Aymanam is a village in the Kottayam District of Kerala, India. It is about 4 km from the railway station in Kottayam along the road to Parippu, and 85 km from the Cochin International Airport. Aymanam is the setting for Arundhati Roy's 1997 novel The God of Small Things.

Demographics
 India census, Aimanam had a population of 34,985 with 17,268 males and 17,717 females.

Etymology
Ay means "five" in and Vanam means "forest" in Malayalam. Hence, Aymanam means "five forests", which, according to tradition, were Vattakkadu, Thuruthikkadu, Vallyakadu, Moolakkadu and Mekkadu. They survive today only as "snake groves", where fertility idols, in the form of snakes, were worshiped under the trees. Families depute Brahmin once a year for ritualistic offering.

Geography
Lake Vembanad lies to the west of the village, near Kumarakom, with the Meenachil River providing its water supply, which often floods from June to August due to regular monsoons. Consequently, two-thirds of the village are paddy fields.
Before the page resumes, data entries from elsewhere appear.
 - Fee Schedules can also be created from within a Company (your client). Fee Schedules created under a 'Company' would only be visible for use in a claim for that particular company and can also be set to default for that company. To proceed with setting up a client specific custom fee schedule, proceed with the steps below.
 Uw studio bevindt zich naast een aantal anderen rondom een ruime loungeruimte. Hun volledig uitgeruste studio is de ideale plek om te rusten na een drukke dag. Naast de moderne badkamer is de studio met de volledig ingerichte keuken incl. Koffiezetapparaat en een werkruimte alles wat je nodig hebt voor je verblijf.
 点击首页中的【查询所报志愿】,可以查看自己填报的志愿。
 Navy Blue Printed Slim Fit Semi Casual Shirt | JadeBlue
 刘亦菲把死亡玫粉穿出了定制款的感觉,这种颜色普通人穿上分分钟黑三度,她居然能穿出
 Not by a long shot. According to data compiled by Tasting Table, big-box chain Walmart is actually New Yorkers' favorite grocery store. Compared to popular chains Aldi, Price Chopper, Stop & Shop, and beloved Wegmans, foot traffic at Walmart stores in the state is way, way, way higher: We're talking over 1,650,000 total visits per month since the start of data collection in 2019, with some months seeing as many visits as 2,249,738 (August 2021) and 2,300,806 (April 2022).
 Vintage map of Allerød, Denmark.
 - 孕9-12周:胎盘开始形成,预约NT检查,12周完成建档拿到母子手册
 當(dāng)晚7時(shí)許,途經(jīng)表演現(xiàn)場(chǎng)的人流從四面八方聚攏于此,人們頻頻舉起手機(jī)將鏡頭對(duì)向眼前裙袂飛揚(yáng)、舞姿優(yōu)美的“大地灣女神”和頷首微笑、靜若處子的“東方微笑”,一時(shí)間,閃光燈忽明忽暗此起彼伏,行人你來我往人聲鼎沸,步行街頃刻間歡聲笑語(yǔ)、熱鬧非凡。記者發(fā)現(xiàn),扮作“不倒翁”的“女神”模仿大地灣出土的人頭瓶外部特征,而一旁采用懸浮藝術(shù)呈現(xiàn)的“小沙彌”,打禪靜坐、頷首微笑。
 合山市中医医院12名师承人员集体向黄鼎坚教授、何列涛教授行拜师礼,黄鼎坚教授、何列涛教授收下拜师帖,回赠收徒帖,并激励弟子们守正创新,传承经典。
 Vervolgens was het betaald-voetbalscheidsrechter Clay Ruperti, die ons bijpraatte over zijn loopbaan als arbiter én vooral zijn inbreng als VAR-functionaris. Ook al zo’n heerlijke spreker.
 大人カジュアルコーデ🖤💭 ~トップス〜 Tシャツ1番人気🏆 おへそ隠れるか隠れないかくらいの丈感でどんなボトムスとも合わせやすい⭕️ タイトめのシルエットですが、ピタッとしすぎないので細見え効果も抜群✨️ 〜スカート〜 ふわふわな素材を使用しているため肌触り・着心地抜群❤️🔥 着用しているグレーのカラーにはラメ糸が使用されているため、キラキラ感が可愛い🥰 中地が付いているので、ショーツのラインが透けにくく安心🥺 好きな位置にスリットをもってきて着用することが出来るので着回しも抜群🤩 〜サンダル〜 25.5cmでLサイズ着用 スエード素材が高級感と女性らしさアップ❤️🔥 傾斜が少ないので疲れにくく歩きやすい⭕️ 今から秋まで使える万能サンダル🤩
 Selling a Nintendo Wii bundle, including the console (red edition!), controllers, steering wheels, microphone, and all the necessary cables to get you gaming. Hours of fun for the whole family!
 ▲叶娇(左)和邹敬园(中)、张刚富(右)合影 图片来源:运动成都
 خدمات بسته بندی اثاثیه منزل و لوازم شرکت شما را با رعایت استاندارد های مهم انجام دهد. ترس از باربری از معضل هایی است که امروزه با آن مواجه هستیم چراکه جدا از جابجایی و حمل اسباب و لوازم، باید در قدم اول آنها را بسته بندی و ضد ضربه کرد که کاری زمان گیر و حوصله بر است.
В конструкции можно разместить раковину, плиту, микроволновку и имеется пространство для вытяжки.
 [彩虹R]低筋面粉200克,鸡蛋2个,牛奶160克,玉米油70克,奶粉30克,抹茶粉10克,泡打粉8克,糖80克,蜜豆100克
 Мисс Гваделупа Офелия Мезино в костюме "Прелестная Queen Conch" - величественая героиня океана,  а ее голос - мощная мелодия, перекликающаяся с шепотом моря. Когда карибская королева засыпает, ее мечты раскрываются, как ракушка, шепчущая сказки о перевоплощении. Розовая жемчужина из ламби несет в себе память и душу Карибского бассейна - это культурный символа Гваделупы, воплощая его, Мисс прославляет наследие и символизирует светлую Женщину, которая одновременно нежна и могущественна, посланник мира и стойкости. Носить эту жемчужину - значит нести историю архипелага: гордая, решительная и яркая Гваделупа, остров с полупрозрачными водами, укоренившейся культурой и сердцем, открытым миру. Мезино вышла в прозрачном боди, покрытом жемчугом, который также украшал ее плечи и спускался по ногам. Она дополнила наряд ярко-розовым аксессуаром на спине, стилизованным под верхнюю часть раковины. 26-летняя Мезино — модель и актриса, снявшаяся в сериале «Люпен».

The borders of the village are mostly delineated by rivers or canals, and include the villages of Arpookara, Kumara Nallooru, Thiruvarpu and Kumarakom, and the municipality of Kottayam.

Notable residents 
 Arundhati Roy - writer
 Aymanam John - writer
 N.N. Pillai - Drama and cinema artist.
 Vijayaraghavan (actor) - Malayalam movie actor.
 Mary Poonen Lukose - Surgeon General of India and state legislator of Travancore.